Mas, afinal, o que tem a mídia a ver com isso? Enquanto jogo é jogado, a estratégia mais decisiva para aqueles que querem virá-lo é justamente alterar as suas regras. Como se altera as regras do jogo? Bom, se pensarmos sobre isto, veremos que os caminhos apontam para o viés da reforma ou da revolução. Faz parte da disfunção social da grade mídia relegar pejorativamente todos os assuntos relacionados à política, reduzindo assim o custo da decisão para aqueles que legislam e executam poderem agir mais tranquila e sorrateiramente.
Com a redação da carta magna de 1988, diversos especialistas em desenho constitucional apontaram para o que chamaram de “combinação explosiva”. Este assunto é suficientemente específico da área da ciência política, que não me sinto tão à vontade e nem tenho autonomia suficiente para argumentar com a mesma naturalidade que falo sobre comunicação social, no entanto, preciso abordar brevemente alumas questões. Segundo os especialistas, a “combinação explosiva” passa basicamente pelo funcionamento simultâneo de três opções decididas na constituinte que definiram a forma de governo como o presidencialismo, o sistema eleitoral por representação proporcional e o sistema partidário através do multipartidarismo.
Esta combinação de fatores é basicamente o que transforma a política em um campo de disputa de coalizões na tentativa de governabilidade. Troca-se apoio parlamentar por cargos e funções. Quando não se pode confirmar alianças com trocas diretas, se oferece propina, lava-se dinheiro, superfaturam-se obras públicas, encontra-se uma maneira de amalgamar todos os interesses. Grosso modo, é assim que se reduz a política macro-estruturalmente.

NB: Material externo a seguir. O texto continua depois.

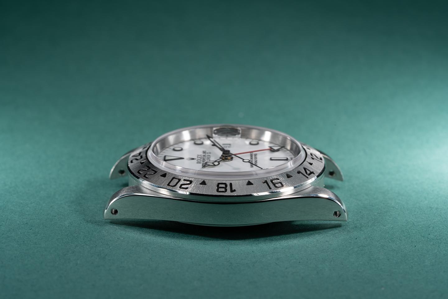 Case: The previously polished case is excellent showing sharp prominent bevels and only light wear from use. The stainless bezel is also in excellent condition showing a sharp and well defined sunburst finish.
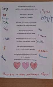 Још једну активност, социоемоционалног учења реализована је у 3. разреду, у одељење учитељице Мирјане Павловић. Недавно су ученици 7. разреда написали писмо трећацима, које су им прочитали Павле и Софија. Поручили су им да се на њих увек могу ослонити и обратити им се за помоћ. Сада су им трећаци одговорили песмом коју је прочитала Василија, а коју су написали заједно са својом учитељицом. Циљ ове активности је изградња везе између млађих и старијих ученика и подстицање узajамног поштовања и сарадње.
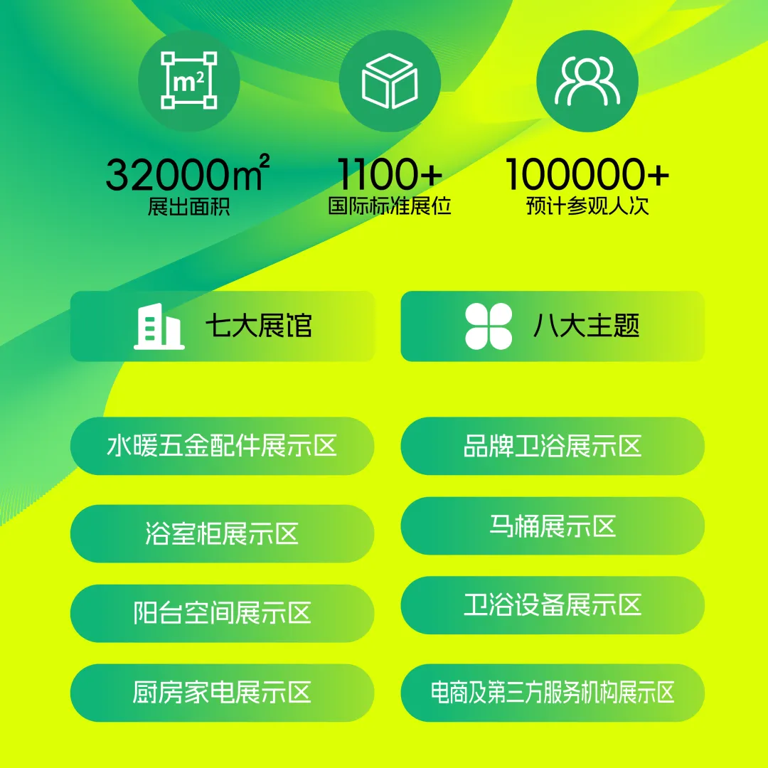第二十二届CNPV第二期·卫浴五金展 以“新质卫来,内外循环”为主题,展出产品覆盖全产业细分领域,规划展览面积32000平方米,国际标准展位1100+个,设置八大主题、七大展馆。
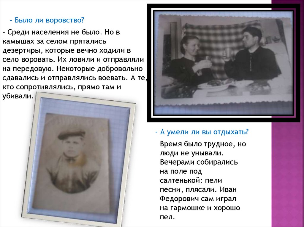 - Было ли воровство?- Среди населения не было. Но в
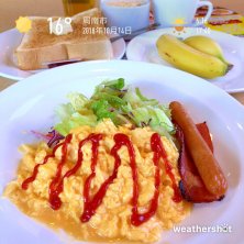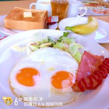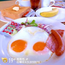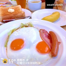 おはようございます〜☔️ 台風🌀が近づいてるというのに今週も先輩👴達とガストでモーニング☕️🍞‼️ 私は目玉焼き&ベーコンソーセージセット🍳🥓☕️🍞にバナナ🍌を付けていただきます💖
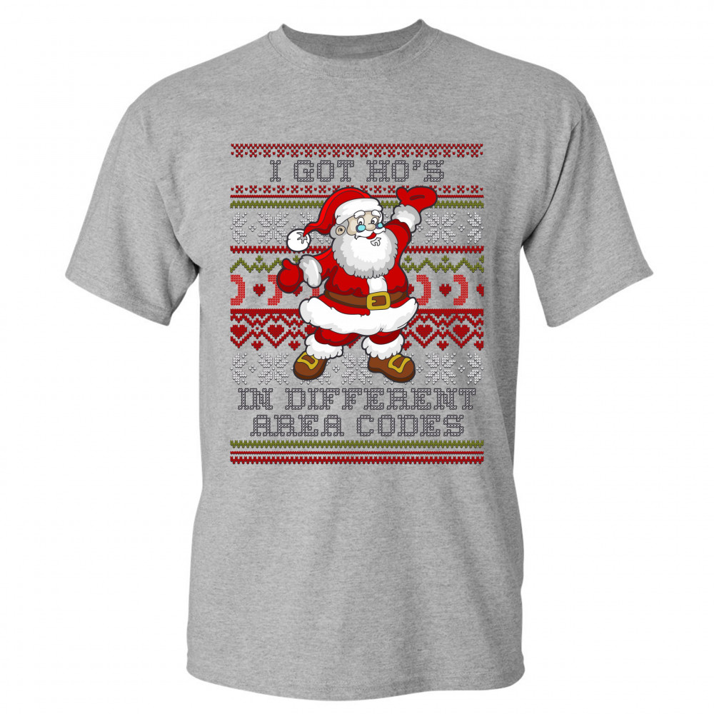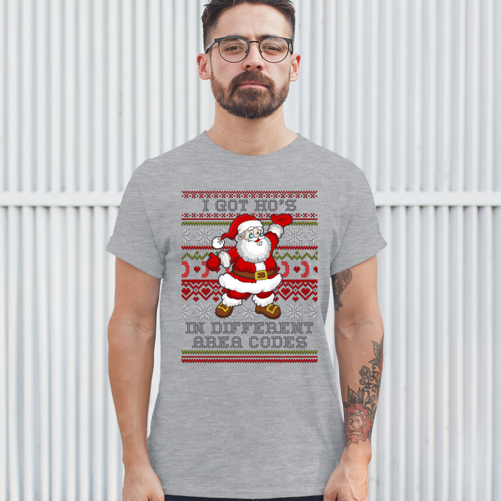 I GOT HO'S IN DIFFERENT AREA CODES t-shirt santa claus ugly sweater men's tee gray

No entanto, nas dimensões micro-estruturais, aquelas mais próximas dos atores sociais, dos cidadãos e eleitores na vida cotidiana, este viés pejorativo é facilmente direcionado e trabalha de forma eficiente para dar novo corpo e significado a agendas políticas, tentando vinculá-las aos políticos e partidos que de alguma forma oferecem maior retorno financeiro aos veículos de comunicação, seja por aliança ideológica ou vínculo econômico, mesmo que reduzido.
Analisemos exemplos práticos. Os limites editoriais de cada veículo representam, também, um interesse político, de forma idêntica aos interesses políticos daqueles que legislam através de projetos de lei ou que tem poder de veto ou sanção. Ou seja, profissionais da comunicação e a própria comunicação social é uma ferramenta tão política quando a própria política.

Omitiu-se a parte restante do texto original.